The paper studies online fair division of indivisible items, where items arrive one at a time, and each item must be permanently assigned to a player upon arrival. Player utilities are initially unknown and must be learned via bandit-style feedback: there are a finite number of types of goods, and each player’s value for a good of type k is drawn independently from a distribution D_k. The authors aim to maximize utilitarian welfare (the sum of utilities) while satisfying a hard constraint of either envy-freeness in expectation (EFE) or proportionality in expectation (PE).

EFE and PE are evaluated with respect to the randomized allocation on each time step. That is, before observing the type of the new item, the learner proposes a randomized allocation X_t which determines how the item will be allocated for each possible type. Each X_t is required to satisfy the fairness constraint (EFE and PE), not the cumulative realized allocation. I initially found this rather unintuitive, but the authors effectively justify this choice by showing that:

  1. Any EFE algorithm achieves realized cumulative envy at most Tlog(T)\sqrt{T} \log(T), while optimal is at least T\sqrt{T}.
  2. EFE at each time step does not cause any welfare loss compared to only requiring EFE at the end.

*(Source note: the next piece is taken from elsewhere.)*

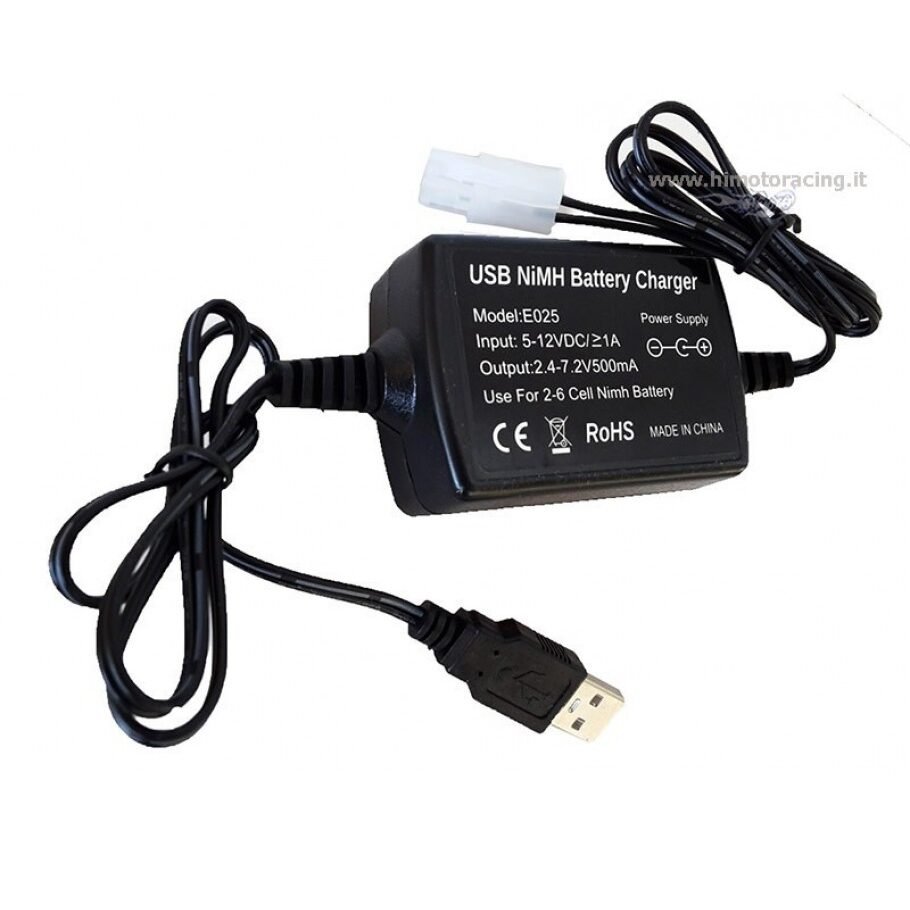 <p>Himoto NiMH Usb Charger with Tamiya 2-6S 500mA NiMH Connector with 3-State Indicator Light. A solid red light indicates charging, a solid green light indicates charging is complete, and alternating red and green flashing indicates the battery is not connected or the connection is incorrect.
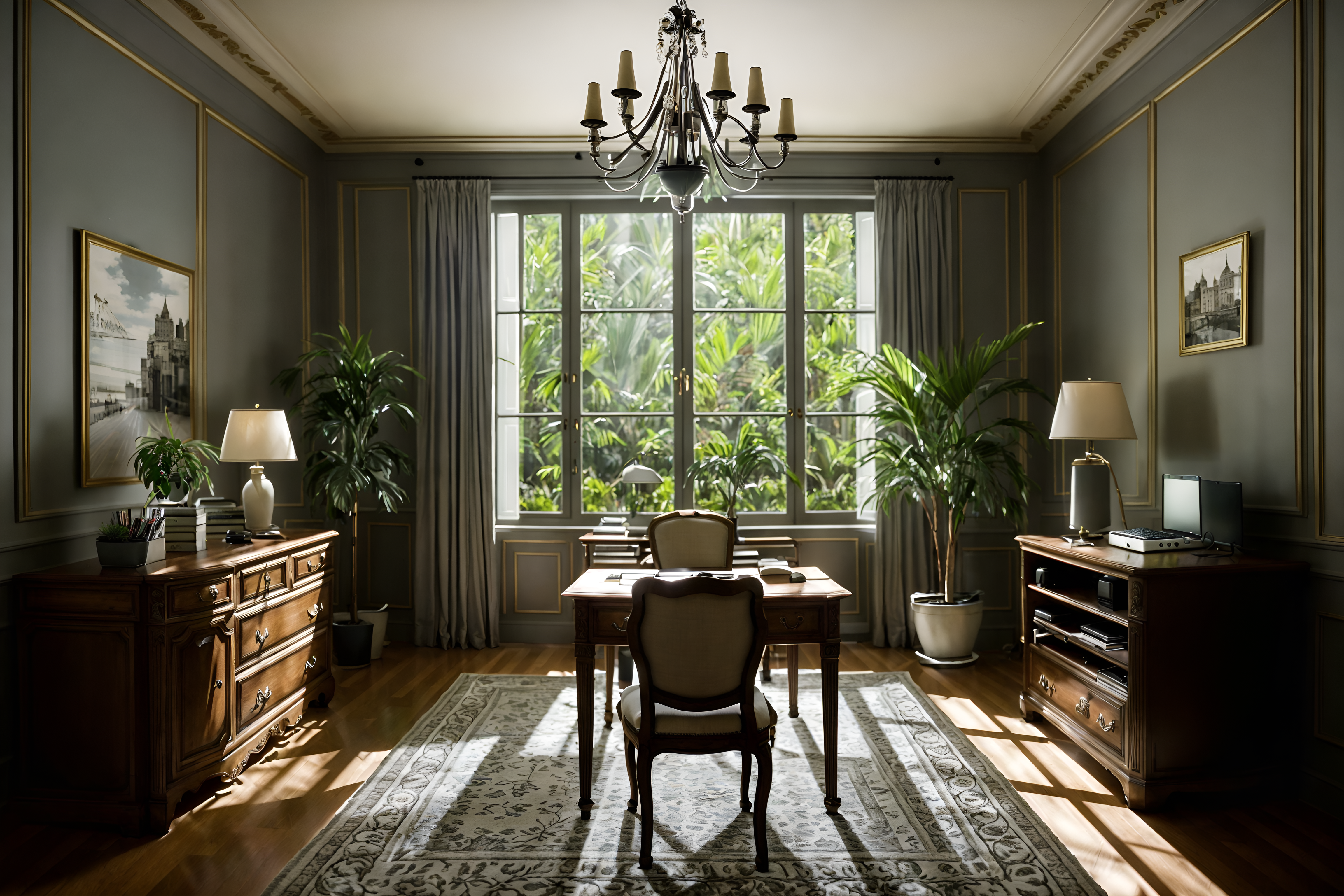 photo from pinterest of french-style interior designed (home office interior) with computer desk and office chair and plant and desk lamp and cabinets and computer desk cinematic photo, highly detailed, cinematic lighting, ultra-detailed, ultrarealistic, photorealism, 8k. trending on pinterest. french interior design style. masterpiece, cinematic light, ultrarealistic+, photorealistic+, 8k, raw photo, realistic, sharp focus on eyes, (symmetrical eyes), (intact eyes), hyperrealistic, highest quality, best quality, , highly detailed, masterpiece, best quality, extremely detailed 8k wallpaper, masterpiece, best quality, ultra-detailed, best shadow, detailed background, detailed face, detailed eyes, high contrast, best illumination, detailed face, dulux, caustic, dynamic angle, detailed glow. dramatic lighting. highly detailed, insanely detailed hair, symmetrical, intricate details, professionally retouched, 8k high definition. strong bokeh. award winning photo.

The main result is a simple explore-then-commit algorithm which is EFE or PE while achieving regret O~(T2/3)\tilde{O}(T^{2/3}) wrt welfare.

Along the way, the authors prove that the EFE and PE constraints satisfy the following property: either all players receive the same allocation, or the constraint can be satisfied with slack. This novel result formalizes the intuition that the “hardest case” for fair division is when all agents have the same utilities. EFE/PE can trivially be satisfied in that case by the uniform allocation, and in all other cases, EFE/PE can be satisfied with slack.

优点

The presentation is clear and accessible. Although some of the modeling choices felt initially unintuitive, the authors did an excellent job of justifying those choices, as discussed above. The main result is satisfying, both in terms of the simple explore-then-commit algorithm and the regret bound. Essentially, the authors successfully solved the problem they chose to study.

I found the either-uniform-allocation-or-slack property (and the result that EFE and PE satisfy it) to be quite interesting as well. This result captures an important intuition in a simple way. The authors argue that this property may be of independent interest, and I agree.

缺点

Although I think the problem is reasonable and meshes well with prior work, I question whether the mathematical model has any real-world relevance. The authors use a running example of a food bank with multiple branches, with the idea that unpredictable perishable donations must be allocated immediately and fairly among the branches. I have several problems with this analogy:

  1. Surely food banks wish to allocate according to need without worrying that one branch might “envy” another if the second branch simply has higher need?
  2. The paper assumes additive utility, and each branch’s utility would be extremely non-additive (no one needs infinite cereal).
  3. It’s hard to imagine the donations being so unpredictable. To be clear: I’m not claiming that a mathematical model must perfectly match reality in order to provide real-world insights. But this paper’s model seems only tenuously connected to the real-world scenario that is used as motivation. If the authors have further justification for the food bank analogy, I would be interested to hear it.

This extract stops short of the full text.